The algorithms born as a result are generally classified as agents, and their performance is tested as they play out within an ambient context known generally as the environment. The latter role is played by Gym. That is, Rapid is tested with Gym. To their credit, OpenAI has made the Gym development library freely available to all developers and has qualified it to work with any numerical computation agent (including Google’s widely used TensorFlow). This means any engineer can build an agent and use Gym to test its performance.
When multiple agents made from the same algorithm are tested in a common Gym environment, the result is competitive self-play. This is how Five trained to become better at DotA 2 by playing against itself: two different agents from the same Rapid mould engaged each other, each in pursuit of its own triumph. And to force each version of Five to become better, the researchers only needed to identify the trajectories of success and then add the necessary rewards and sanctions to guide the Fives down those paths.
While DotA 2 may be too complicated to visualise this, consider the following video, where an agent needs to step over a line blocked by another agent, who has the same mandate, in order to win. The first two runs produce the same results, with the agents setting off for their respective lines in an unplanned race. The third run onwards, something else happens…
(More examples here.)
Competitive self-play is becoming increasingly popular. The other very-famous AI that trained this way is AlphaGo, the machine that beat the world’s foremost Go champion last year, including one game in which it developed previously unknown strategies to win. Keep in mind this is a game humans have been playing for about 2,500 years and which AlphaGo taught itself in three days. Competitive self-play is especially useful either when engineers want the agent to acquire a skill for which they can’t create rewards in a given environment or when they want the agent to develop new ways to solve an old problem.
So as a consequence of the way it is designed and trained, OpenAI Five is expected to be all the more powerful before The International next year, with some gamers predicting that it will take the crown. But more than disrupting the human kingdom of DotA 2, Five’s education can prepare it for even more complicated tasks. For example, OpenAI has also been developing a robotic hand to be controlled by AI, and the hope is to make it as agile and dexterous as a human hand. Thereon, it becomes a matter of questions: “Five, what is the best way to return a serve?”

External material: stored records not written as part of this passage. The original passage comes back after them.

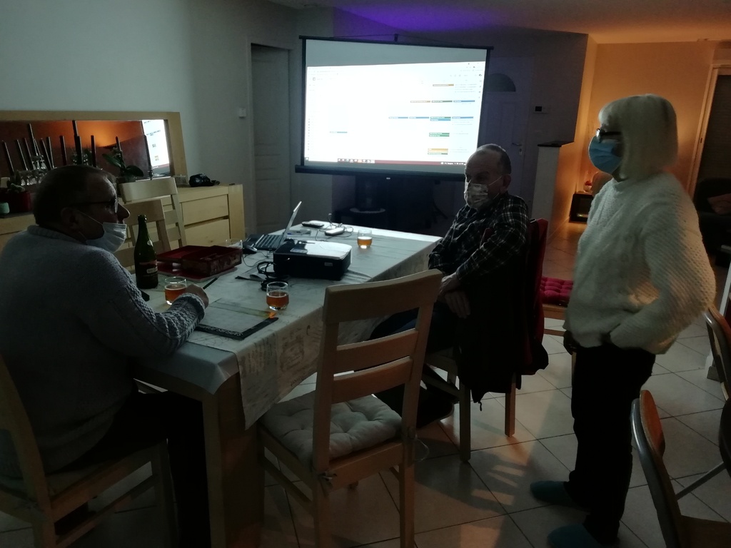 La réunion calendrier route s'est tenue vendredi 14 janvier chez Maryline et Thierry autour de l'agenda google, d'une bouteille de cidre et derrière les masques...
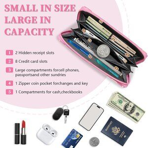 Features: Made with durable PVC exterior and soft polyester lining, this wristlet offers a tactile, wipe-clean surface with premium stitching and corrosion-proof accents. It features 8 card slots, a zippered coin pocket, 2 long compartments for bills and receipts, and 2 large slots for your phone or small essentials. The stylish pink-and-white checkerboard pattern is complemented by a luxe gold zipper and a detachable wrist strap — perfect for on-the-go safety and style.
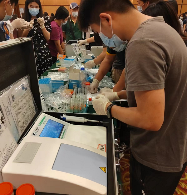 在實(shí)操培訓(xùn)環(huán)節(jié),現(xiàn)場采取分組的形式進(jìn)行,每組配備指導(dǎo)老師,及時(shí)解答參會(huì)人員在實(shí)操中遇到的問題。同時(shí),結(jié)合操作規(guī)范進(jìn)行詳細(xì)講解,針對(duì)性強(qiáng)、直觀效果比較好。從稱樣細(xì)節(jié)、樣品搖勻、移液、吹干、滴卡、讀卡等,均一一指導(dǎo)解答,有效提升了快檢從業(yè)人員理論知識(shí)和實(shí)操能力。
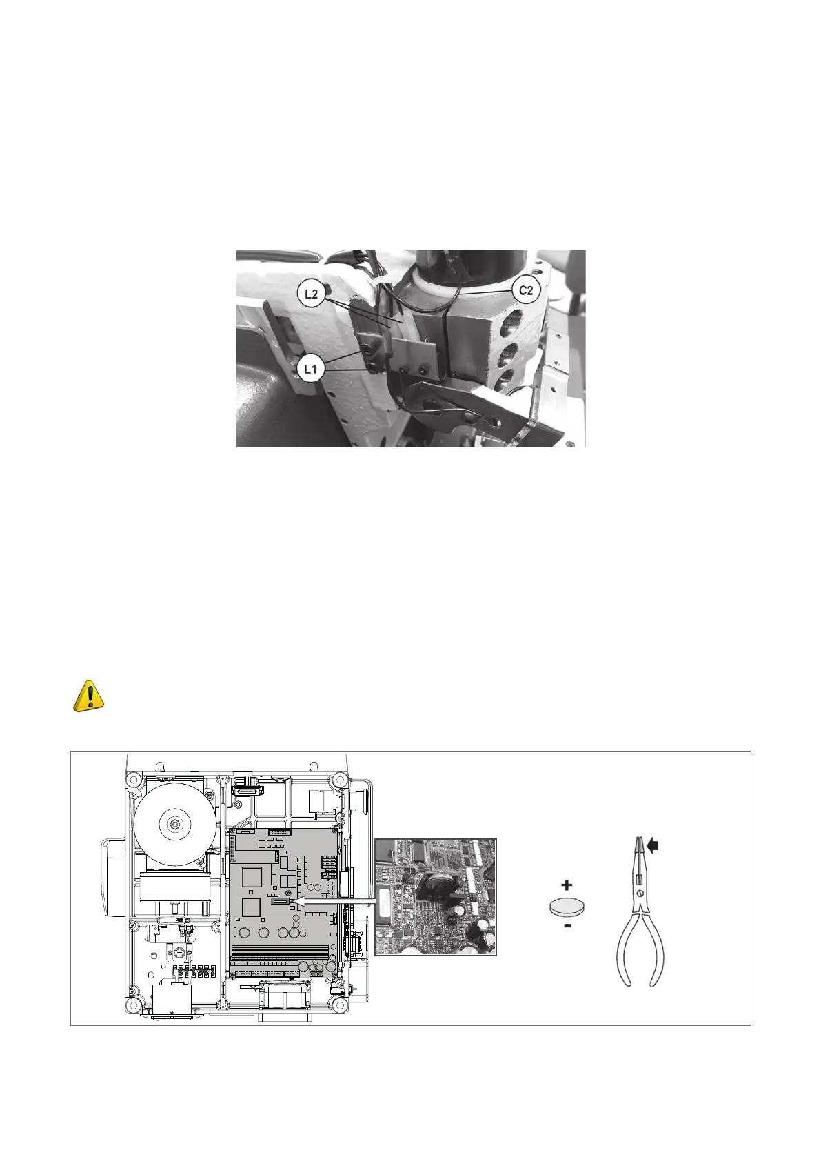 4) Use the pliers with insulated tips to introduce the new battery, inclining it and pushing against the tab to help it
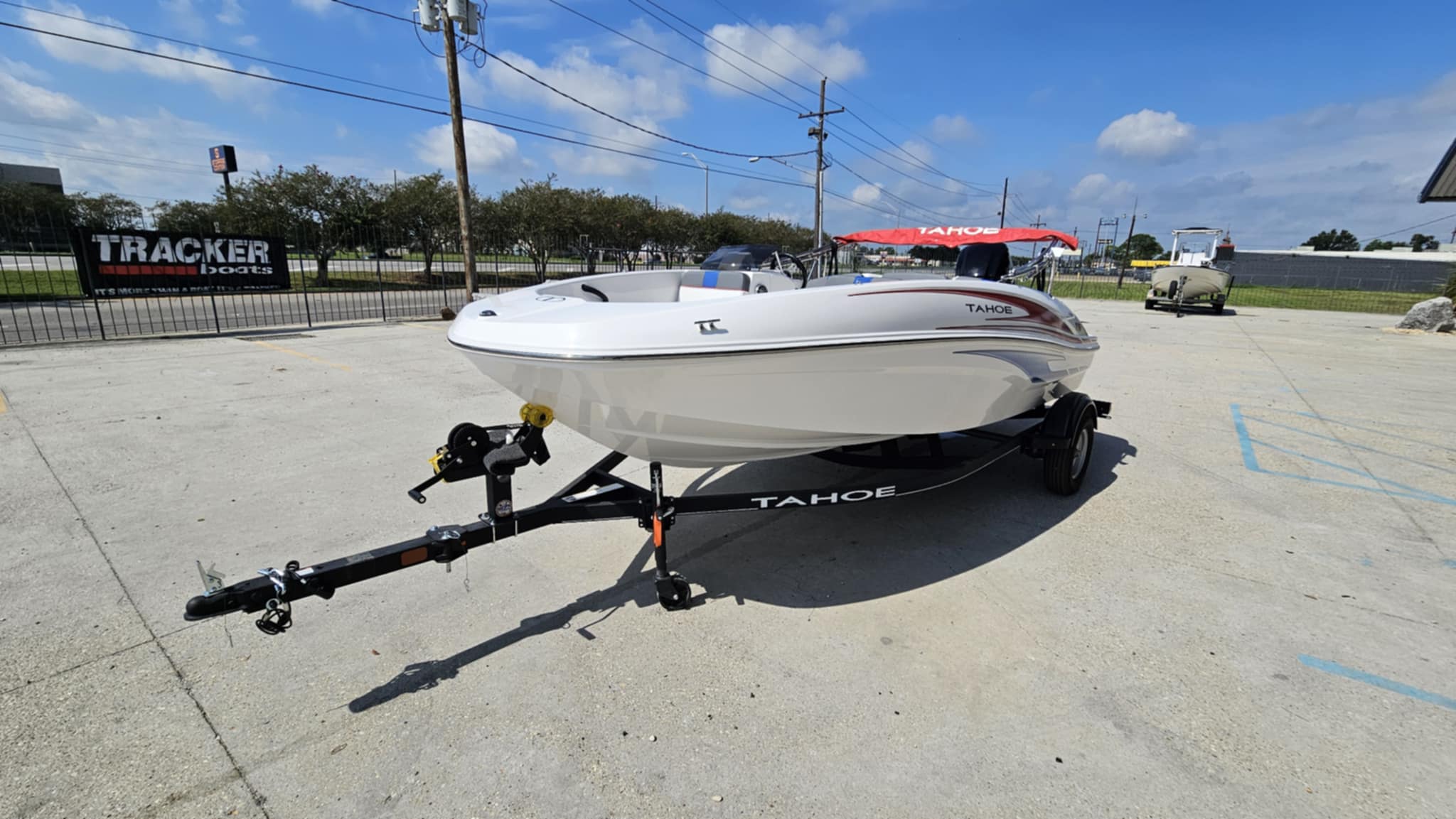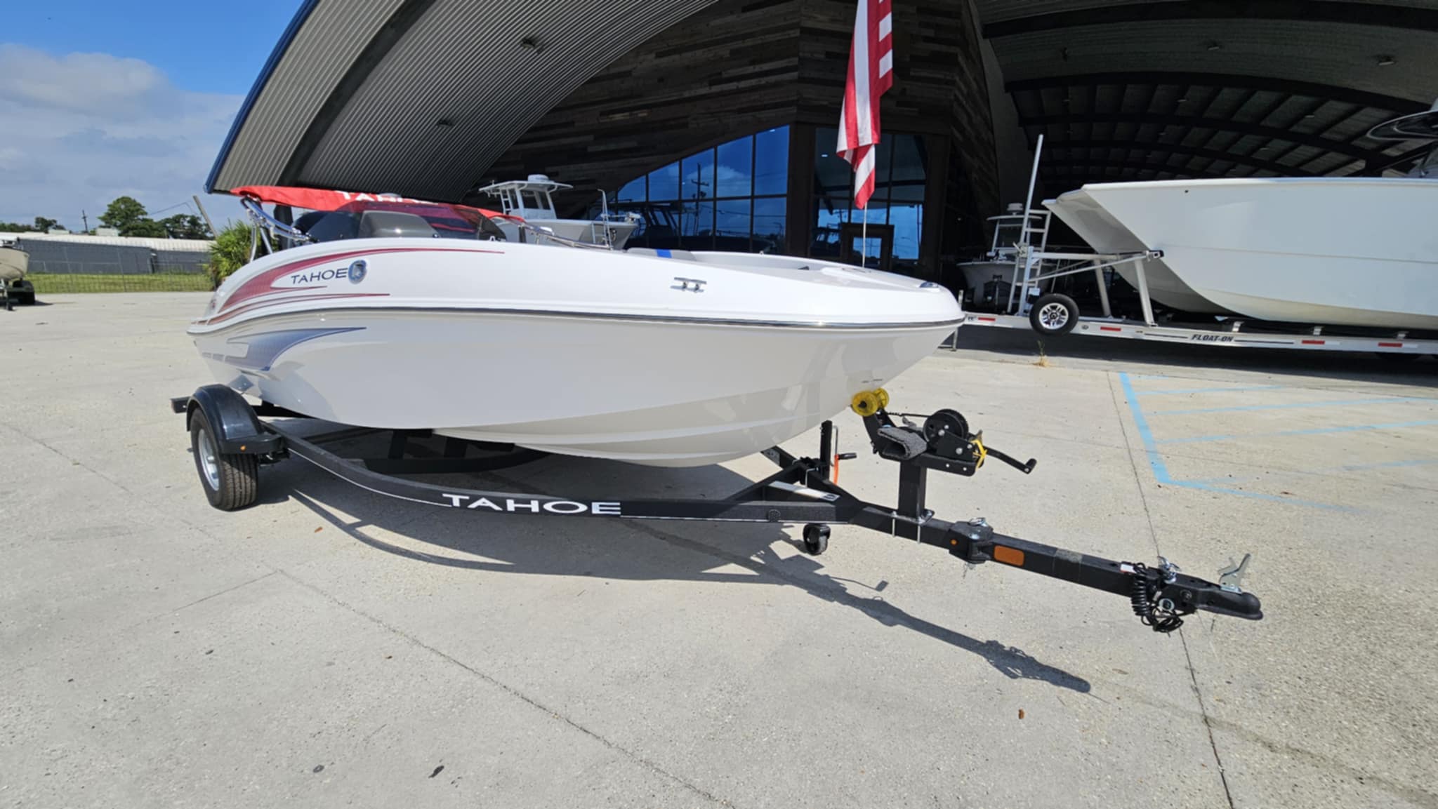 The TAHOE® T16 is fully loaded and priced to deliver huge returns of fun and excitement. A 7” touchscreen multifunction display is standard and displays your GPS-accurate speed, the water depth, as well as your motor’s vitals. Inside, creature comforts abound in the form of twin forward lounges with ample underseat storage, and out back you’ll find a sun pad and a FourStroke Mercury outboard for spirited and economical performance. Rounding out the package is a custom-built trailer for years of on-road peace of mind.
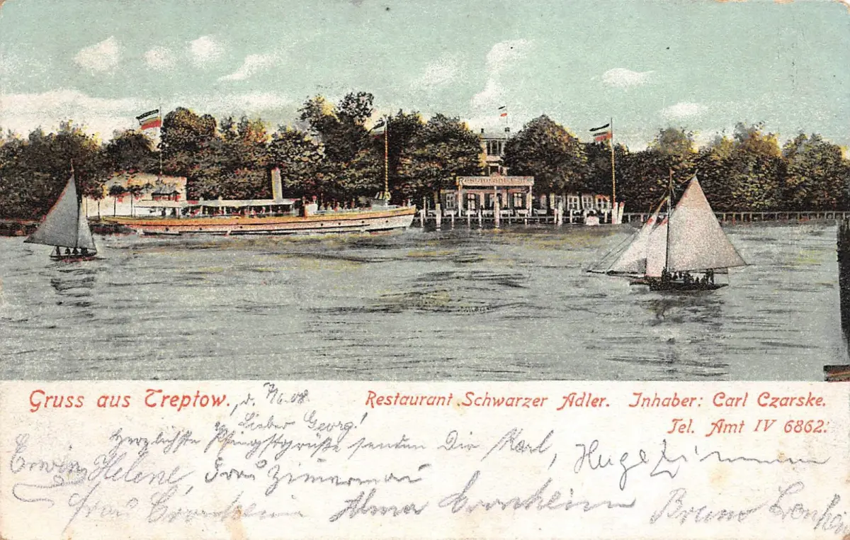 Treptow Restaurant Schwarze Adler Postkarte 1908
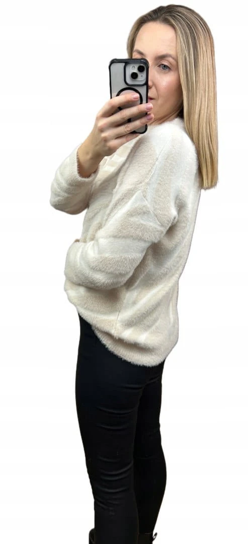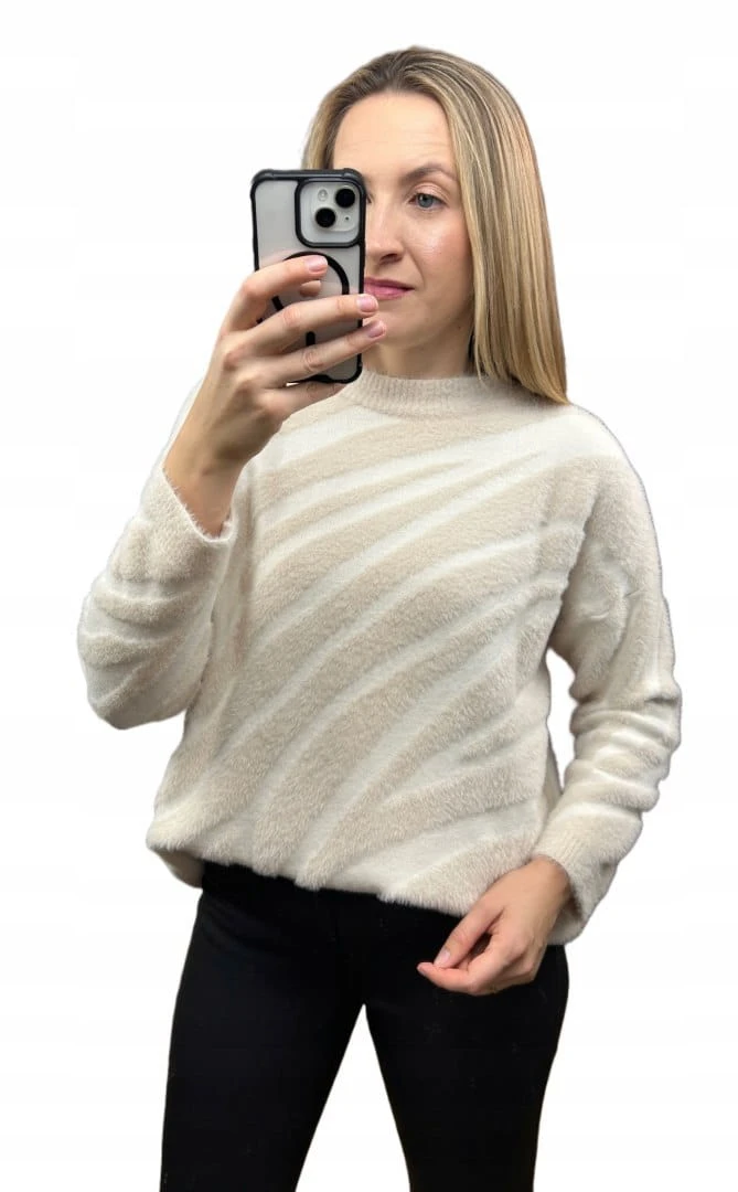 Luźny sweterek z okrągłym dekoltem w zebrę. Niezwykle miły w dotyku i ciepły. Końce rękawów oraz dół swetra zakończone ściągaczami.

OpenAI is one of the two major billion-dollar non-profit organisations in the West focusing on using AI to solve humanity’s problems. The other is the Allen Institute for Artificial Intelligence, founded by former Microsoft bigwig Paul Allen, with the express intention of making “scientific breakthroughs”. However, OpenAI is in a uniquely sticky situation vis a vis its resources. As Miles Brundage, an AI expert recently employed by OpenAI, wrote on his blog in 2015:
With Amazon’s investment and Tesla’s indirect involvement through Musk, it would seem that OpenAI will potentially have access to a lot of the data needed to make deep learning and other AI approaches work well. But these are different sorts of datasets than Google and Facebook have, and may lend themselves to different technical approaches. They also raise the question of proprietary data – how will OpenAI balance its push for openness with this proprietary access? Will it release code but not data? How will its experiments be replicable if they are tailored to particular data streams? How will privacy be addressed? Some of these questions are unique to OpenAI and others aren’t. However, they’re the sorts of questions OpenAI will need to answer.